My orientee gave the wrong narcotic

Nurses General Nursing

Published

So, I had an orientee on my hall the one night and everything was going very well. She passed the 1600s and I the 2000s. Toward the end of the shift the narc count was off and upon closer inspection we determined that the wrong pain pill was given to the wrong resident (the dosages were not the same, but the pill itself was). I am worried about what is going to occur and how it will occur. I'm just wondering if I am the one who should be reprimanded for the medication error (seeing as she was under my responsibility), or if she will (which I would hope would not be the case).

Hmm...well as long as nothing terrible happens to the patient I can't imagine you both getting into much trouble. Mistakes happen...

How closely were you supervising her at the time?

Specializes in Med-Surg, Emergency, CEN.

She is a nurse? Or medication trained aide? Then it is her own write up. At the time of the med error you need to show her the report protocols so she can tell the MD it happened and get orders. She's registered (or certified) in her own right and is responsible for her own errors.

This I cannot recall. It was a busy time of the shift and there were many residents requesting my aid.

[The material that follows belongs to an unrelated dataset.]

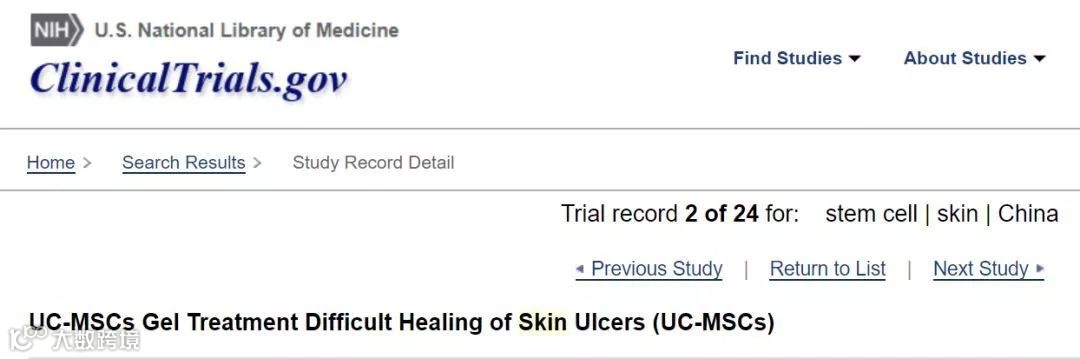 2016年,中国人民解放军总医院首席研究员傅小兵发表了一项为期6个月的《脐带间充质干细胞凝胶治疗难治性皮肤溃疡愈合疗效》试验,该试验共招募20名皮肤溃疡难以愈合的患者,随机分为脐带间充质干细胞组和其他治疗组,通过伤口愈合时间的情况决定采用二次治疗,观察临床疗效和安全性,证明了脐带间充质干细胞具有促进创面愈合的作用。

She is a nurse? Or medication trained aide? Then it is her own write up. At the time of the med error you need to show her the report protocols so she can tell the MD it happened and get orders. She's registered (or certified) in her own right and is responsible for her own errors.

Yes, she is an LPN.

Specializes in Orthopedic, LTC, STR, Med-Surg, Tele.

Eeek. Better keep a close eye on your orientee. I am confused as to how the dose could be different but you said it was the same pill?

I had a co-worker with a similar experience. The preceptor was written up and not the orientee. They justified the write-up by explaining the preceptor was ultimately the responsible nurse to oversee the orientee's work. When I precept, I have a rule that I always double check the narcotics prior to being given. I know this can take extra time on the preceptor's part, but it does prevent errors. I would look at it as a lesson learned for both.

Eeek. Better keep a close eye on your orientee. I am confused as to how the dose could be different but you said it was the same pill?

Maybe like oxycodone 5 mg was given when the order was for oxycodone 2.5 mg?

Specializes in Critical Care, Education.

Nope. Every licensed person is accountable for their own mistakes - especially for something so basic as medication "5 Rights".

If she were an unlicensed student, that would be one thing. However, she holds licensure, so she's responsible for giving meds safely under her scope of practice. It's not as if it were something particular to your unit or hospital; giving meds safely is the same everywhere.

Specializes in Orthopedic, LTC, STR, Med-Surg, Tele.
Maybe like oxycodone 5 mg was given when the order was for oxycodone 2.5 mg?

I realized afterward :rolleyes: 'Twas a bit slow on the uptake there.

Nope. Every licensed person is accountable for their own mistakes - especially for something so basic as medication "5 Rights".

This is true. But, this is referring only to how the OP could be held responsible from a legal/licensure/BON perspective. The facility might very well hold a preceptor jointly responsible for the med errors of his/her orientee. (unfair and short-sighted in my opinion, but it's possible)

In other words, the OP can't lose her license based on this, but she could very well be reprimanded, depending on the policies of the facility.